*Material for the task*:
++++
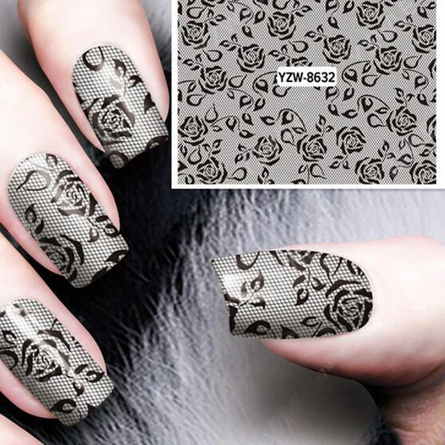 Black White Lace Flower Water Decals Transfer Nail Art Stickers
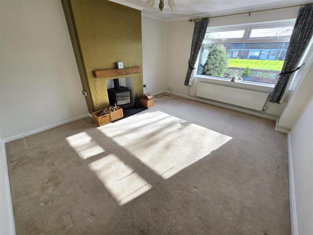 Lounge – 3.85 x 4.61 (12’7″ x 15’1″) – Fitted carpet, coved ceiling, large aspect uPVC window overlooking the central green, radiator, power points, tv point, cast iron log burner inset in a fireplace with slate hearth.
++++
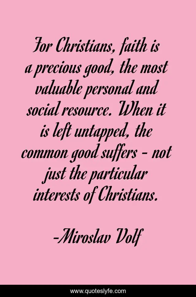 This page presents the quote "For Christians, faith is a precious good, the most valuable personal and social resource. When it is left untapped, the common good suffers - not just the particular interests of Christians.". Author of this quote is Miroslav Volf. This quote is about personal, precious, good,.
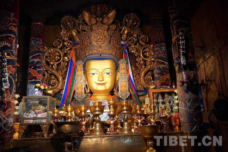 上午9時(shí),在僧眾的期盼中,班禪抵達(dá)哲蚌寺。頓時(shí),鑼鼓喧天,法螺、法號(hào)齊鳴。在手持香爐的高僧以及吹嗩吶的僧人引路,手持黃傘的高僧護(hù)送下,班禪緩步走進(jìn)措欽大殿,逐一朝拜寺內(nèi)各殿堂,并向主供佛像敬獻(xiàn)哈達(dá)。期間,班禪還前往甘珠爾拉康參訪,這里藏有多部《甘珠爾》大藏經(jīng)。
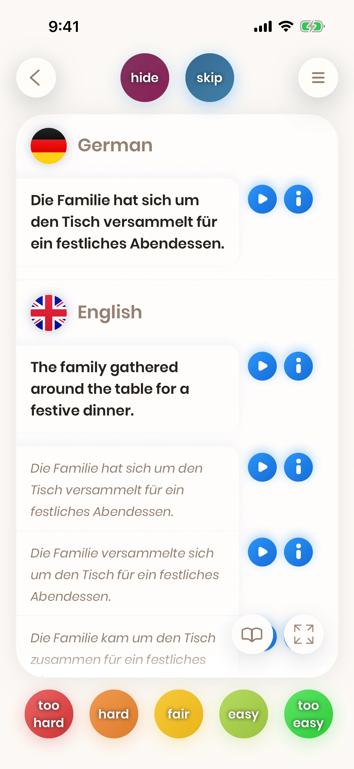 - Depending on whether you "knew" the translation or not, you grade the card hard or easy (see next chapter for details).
++++
*Assignment*: Would you transcribe the lines above exactly, going from the line bearing "This page presents" through the line bearing "- Depending on", and drop the pictures from the copy?

*Reply*:
 This page presents the quote "For Christians, faith is a precious good, the most valuable personal and social resource. When it is left untapped, the common good suffers - not just the particular interests of Christians.". Author of this quote is Miroslav Volf. This quote is about personal, precious, good,.
 上午9時(shí),在僧眾的期盼中,班禪抵達(dá)哲蚌寺。頓時(shí),鑼鼓喧天,法螺、法號(hào)齊鳴。在手持香爐的高僧以及吹嗩吶的僧人引路,手持黃傘的高僧護(hù)送下,班禪緩步走進(jìn)措欽大殿,逐一朝拜寺內(nèi)各殿堂,并向主供佛像敬獻(xiàn)哈達(dá)。期間,班禪還前往甘珠爾拉康參訪,這里藏有多部《甘珠爾》大藏經(jīng)。
 - Depending on whether you "knew" the translation or not, you grade the card hard or easy (see next chapter for details).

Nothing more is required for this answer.